HSR Series, Pursuing “Real" High Speed

The HSR Series meets three requirements of robots: “Start the operation immediately,” “Keep working fast,” and “Stop accurately.”
Members working for the Product Planning Department, the Engineering Planning Division, the Control System Business Group, which have pursued the enhanced robot performance required by manufacturing sites, were engaged in developing the HSR Series. The following is the full story of the project as explained by Yosuke Sawada, the General Manager, in an interview.

Yosuke Sawada
General Manager
Product Planning Department, Engineering Planning Division, Control System Business Group

Pursuing cycles per minute rather than maximum instantaneous speed

The HSR Series robots are new high-speed selective compliance assembly robot arm (SCARA) robots that have unprecedented high-speed performance and improved lightweight and stiffness properties. Yosuke Sawada, the General Manger of the Product Planning Department, has led the planning team of this series. He says, “The performance of a robot often cannot be measured by the numerical values shown in the catalogue.” This means that theoretical movements of the robot using the champion data that was determined by equations are different from actual movements of the robot that was introduced to the field.
Keep working at high speeds and stop instantly. Robots used in plants were required to control these movements.
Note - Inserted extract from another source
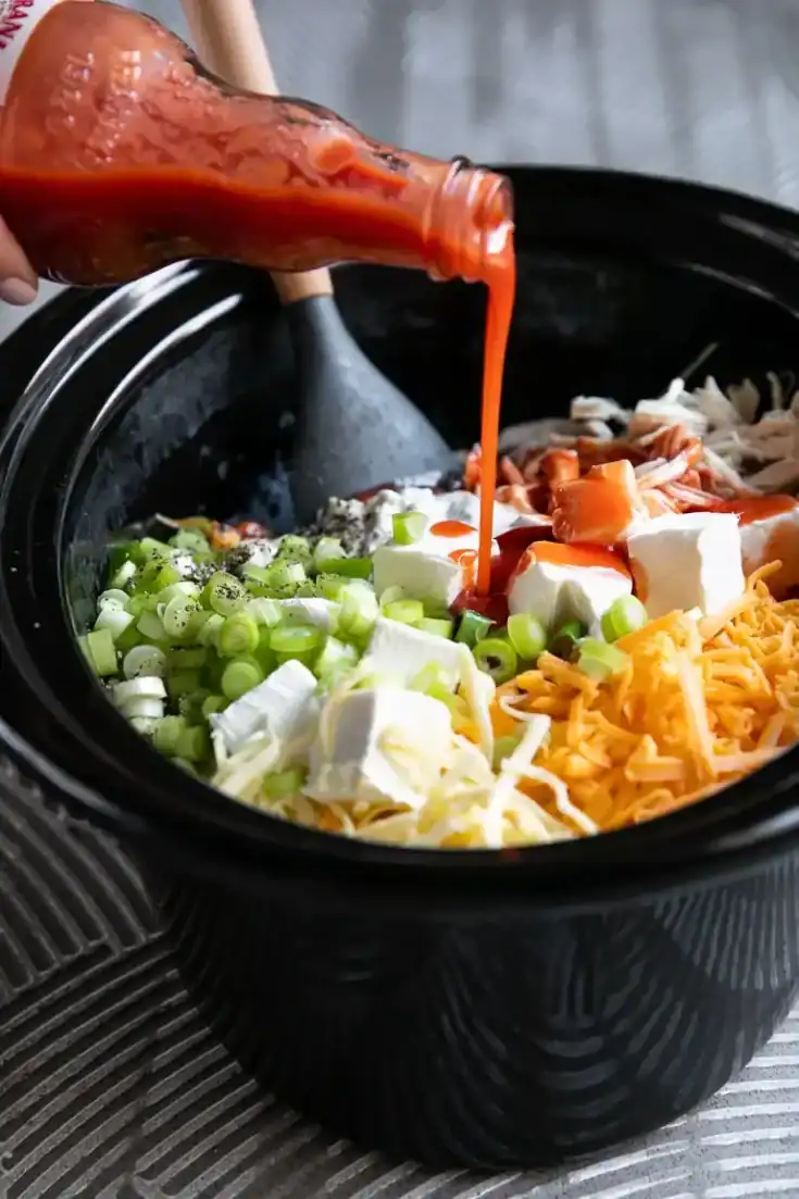 This dip is loaded with shredded chicken, cream cheese, ranch dressing, hot sauce, cheddar, mozzarella, and green onions for that classic buffalo wing flavor in a creamy, scoopable form. Everything melts together in the slow cooker into a rich, cheesy dip with just the right amount of heat. The texture is thick and hearty, so it clings beautifully to chips and veggies. It’s an easy, transportable choice for potlucks and tailgating.

Sawada et al. determined to develop products focusing on cycles per minute (CPM; per-minute workload) on which the industry had ever concentrated, rather than the maximum instantaneous speed. Departure from the speed battle was a big decision. However, it was a sincere decision to respond in a serious manner to what frustrates customers after they have purchased products.

Considering movement to be the most important to conduct design and development from the viewpoint of control

As time passes, the motors of robots that are working at high speeds generally become hot and the work accuracy become low. Sawada et al. aimed to develop robots that can keep working at high speeds even after their motors become hot. It was all about developing robots that work stably so that customers can introduce them with peace of mind. To this end, however, control design was required so that the movements of the robot arms can be controlled appropriately. Usually, robot development processes begin with machine design (determination of structures), followed by control design; however, the development team drastically changed the development processes in this project; ideal forward and backward movements of robot arms were determined through control design first. “Believing that how to move is the decisive factor for the quality of work, we advanced the development from the viewpoint of control,” says Sawada. Other members agreed to his idea and after the control design was completed, the structures of robot arms were determined so that they were best suited to the movements.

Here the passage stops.